En lo que respecta a la indemnización moratoria contenida en los artículos 99 de la Ley 50 de 1990 y 65 del Código Sustantivo del Trabajo y a los hechos en que se sustentó la absolución por dichos conceptos, se debe decir que la Sala Laboral no encuentra error evidente en la valoración probatoria, y que se equivoca el censor al indicar que la mala fe del empleador se presume. De la prueba documental se concluye que la demandada se sometió a la Ley 550 de 1999 y que el inoportuno pago de algunos derechos laborales no fue con el interés de desconocer o defraudar al demandante, con mayor razón si estos fueron incluidos dentro de los pasivos a pagar dentro del acuerdo de reestructuración económica.
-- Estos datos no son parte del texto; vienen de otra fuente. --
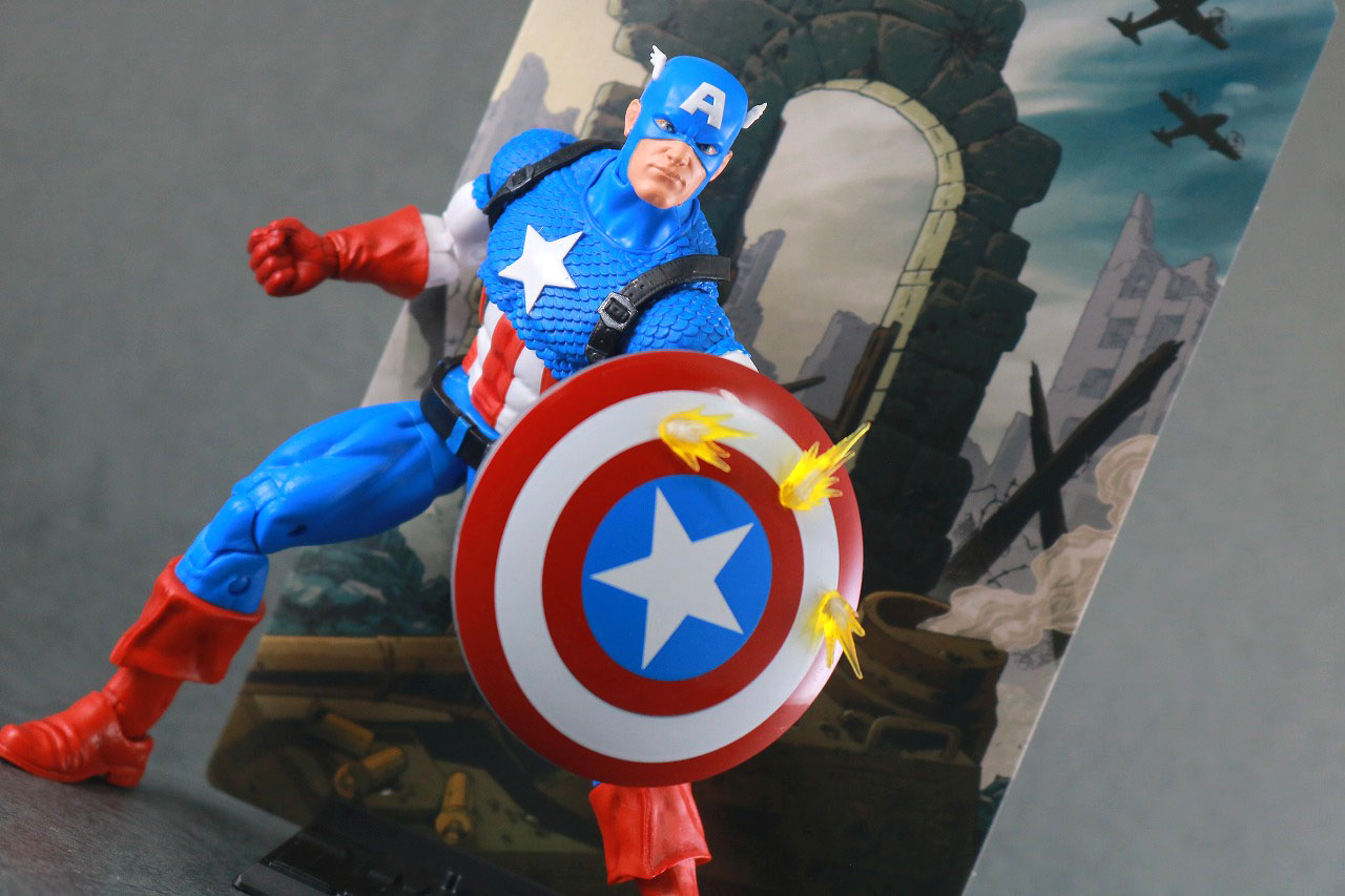 素体はいままでのアイアンマンのコミック版のものを一部使用しながらも、変化のあるところもあったので、差別化はされていましたね。またビビットなイエローとレッドの組み合わせもいかにもコミックらしくて好みな色でした。可動域は広めで、エフェクトパーツもあり、さらにはトニー・スタークの素顔もあるので、アイアンマン本体だけでも十分に遊べます。またマーベルレジェンドのロゴの台座や背景シートもあるので、それもまた楽しめるところですね。
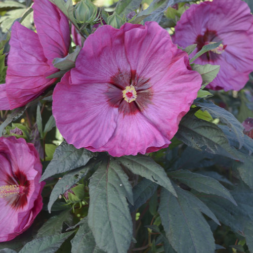 The big (7-8 inches!), ruffled, lavender pink flowers with a cherry red eye are produced all over the densely compact, shrub-like clump of attractive midnight green foliage. This hibiscus is a tough and adaptable perennial that will grow in almost any soil. Plant in full sun for optimum flowering performance.
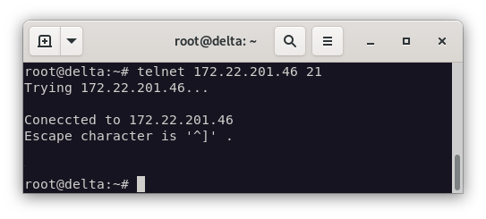 telnet 172.22.201.46 21
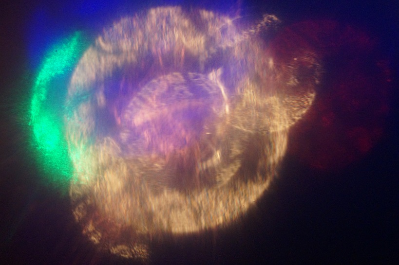 Among the detritus gathering on the floor I grabbed a fistful of the fallen and discarded: cheap costume boa feathers and a plastic disc fallen off of fabric given away because it shed plastic iridescent discs with white glue so old it came out clear I pressed these items together hoping in time they would adhere to a thin plastic lens filter And it took time, stole time, most of a morning, but not wasted time and not my important time, as I used that for other things And when these items of no importance fused and bonded sat upon my lens a universe of beauty exploded and in awe I explored bursting galaxies, dying and birthing stars I captured every one so all could admire this exaltation And this filter, my new favorite, a gift of lint must be carefully preserved locked away untouched, encased and saved for it holds creation's power that takes me to ecstasies
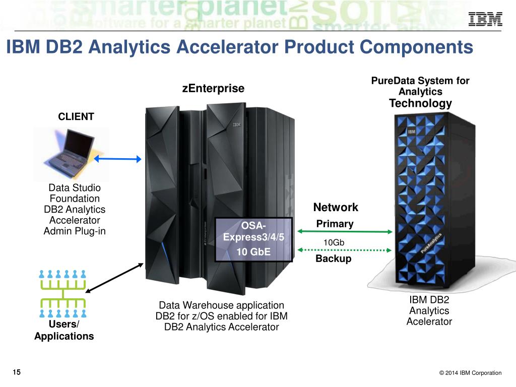 IBM DB2 Analytics Accelerator Product Components PureData System for Analytics Technology zEnterprise CLIENT Data Studio Foundation DB2 Analytics Accelerator Admin Plug-in Network Primary OSA-Express3/4/5 10 GbE 10Gb Backup IBM DB2 Analytics Acelerator Data Warehouse application DB2 for z/OS enabled for IBM DB2 Analytics Accelerator Users/ Applications 15 15 15

La ley laboral no se puede apartar de la realidades económicas y de los instrumentos que trae la misma ley para efectos de salvar a las empresas como factor de producción y fuente de empleo, por lo que no puede entenderse que los mismos deriven per se, mala fe del empresario en su utilización, máxime en tratándose de mecanismos consagrados por el derecho comercial.

Sobre este punto, también se debe indicar que los acuerdos de reestructuración dentro del marco de la Ley 550 de 1999 y el orden de pago de acreencias que ahí se establece, no se ven afectados por la terminación del contrato de los trabajadores como lo señala el censor. Tanto el empleado activo como el inactivo están en igualdad de condiciones en cuanto al pago de las deudas ahí contenidas.

La demandada fue admitida en el proceso de promoción de un acuerdo de reestructuración antes de la culminación del contrato de trabajo, razón por la que no le asiste razón al demandante al restarle valor a dicha circunstancia sustentado en que el acuerdo como tal se firmó con posterioridad al retiro del actor.

Al revisar la carta de despido no se encuentra error notorio en su valoración, toda vez que: (i) No quedó demostrado el incumplimiento en el pago del subsidio familiar, como se dijo antes; (ii) La no consignación de las cesantías en el fondo para los años 2002 y 2003 encuentra una justificación, como lo es el sometimiento de la empresa a la Ley 550 de 1999; (iii) En lo que se refiere al retraso en el pago de salarios y primas, el actor lo limita a la segunda quincena de junio, primera quincena de julio, y la prima de junio de 2004, pagos que se hicieron a los pocos días de haber sido exigibles, por lo que no constituye un error protuberante que el tribunal haya concluido que no era un incumplimiento sistemático de las obligaciones.

En ese orden de ideas, no prospera el cargo.

Por lo anterior, no se casará la sentencia.

No habrá condena en costas al no ser objeto de réplica el recurso.

En mérito de lo expuesto, la Corte Suprema de Justicia, Sala de Casación Laboral, administrando justicia en nombre de la República y por autoridad de la ley, NO CASA la sentencia de 29 de noviembre de 2007, proferida por la Sala Laboral del Tribunal Superior del Distrito Judicial de Bogotá, D.C., en el proceso ordinario de Edilberto Rafael Correa Sierra contra Fabripartes S.A.

Sin costas en el trámite del recurso extraordinario de casación.

Cópiese, notifíquese, publíquese y devuélvase el expediente al tribunal».